Habertürk
    Takipde Kalın!
      Günlük gelişmeleri takip edebilmek için habertürk uygulamasını indirin

        Adil Cengiz, “adalet”i kendinden menkul ülkede, 47 yaşında, kamuda işçiydi.

        “Büyüyen ekonomi”nin borç, kredi, faiz sarmalında ufalanmak zorunda kalanlardan.

        Banka sıkıştırdı, sıkıştırdı, nihayet evindeyken de telefonla arayarak onun yüzüne yüzüne vurdu.

        Adil Cengiz, o telefondan sonra, evinde, boyun eğdiği düzenin huzurunda, ipi boynuna doladı…

        Bıraktığı miras, “Kimse sorumlu değildir” diye bir nevi bankanın “sorumsuzluğunu” tescil etmiş mektup oldu.

        ***

        Adil Cengiz üç kuruşun faizi olarak hayatını verirken…

        Ali Cengiz her kuruşu emmek için hayatı dişliyordu.

        Ali Cengiz’in oyunlarını ise hep izlediniz ama dün yeni bir sahnesine şahit oldunuz.
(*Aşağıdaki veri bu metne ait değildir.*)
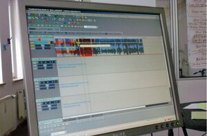 Deshalb beschlossen wir, die angefangene Arbeit im Hort weiterzuführen. Und so entstand daraus ein richtiges Hörspielprojekt, da wir noch weitere Geräusche aufnehmen und die Endfassung geschnitten werden musste. Dafür trafen wir uns an verschiedenen Tagen meist spontan in einem unserer Räume. Besonders die noch fehlenden Geräusche zu produzieren, bereitete uns großen Spaß. Wir probierten die verschiedensten Stellen und Hilfsmittel zur Geräuschproduktion aus, so lange, bis wir den jeweils für die Stelle der Geschichte unserer Meinung nach perfekt passenden Klang erreicht hatten. Dabei beteiligten sich auch Kinder, die an dem Tag in den Ferien nicht dabei sein konnten.
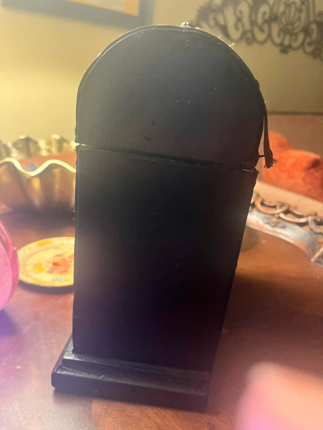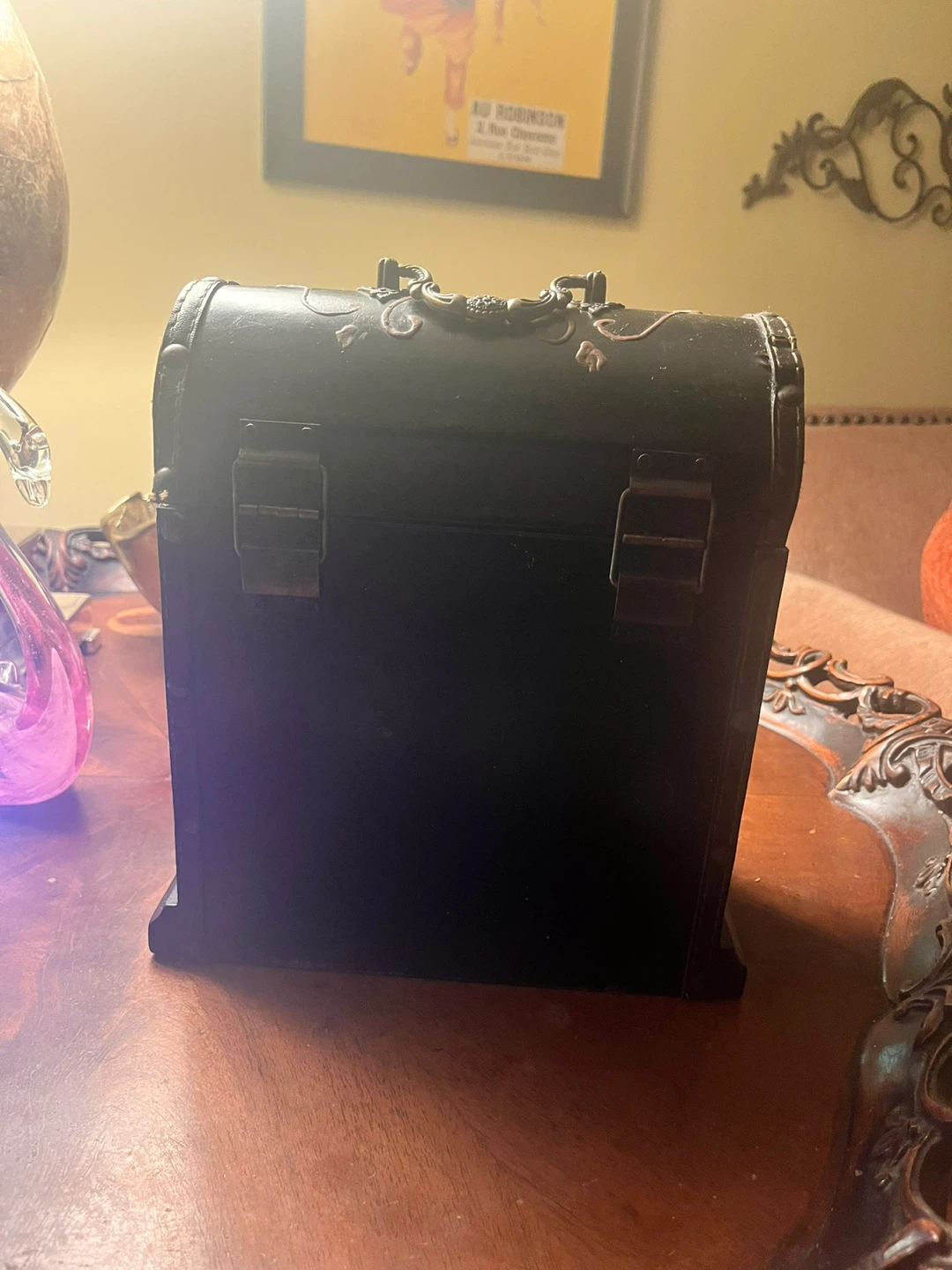 Selling a decorative treasure chest clock. It's black with gold accents and has a functional clock on the front. Perfect for adding a unique touch to your home decor!

        Bir “Ali”, bir sürü “Veli”!

        Muhtemelen biri Ali al sana, top diyor; Veli tut topi, işte toki diyor.

        Veliler oğulların elinden tutuyor; onlar Alilerin evinden tutuyor.

        Herkes tuttuğunu tutuyor!

        Böyle bir emme basma tulumba sistem öncelikle siyasiyse, tabii ki üstüne gidersen de gitmezsen de siyasi olur.

        Zamanlaması da siyasi olur, Zamanı da, sakla samanı da!

        Bir tarafta Ağanın oğlu Aliler, bir tarafta Velilerin oğlu yere bakan yürek yakanlar…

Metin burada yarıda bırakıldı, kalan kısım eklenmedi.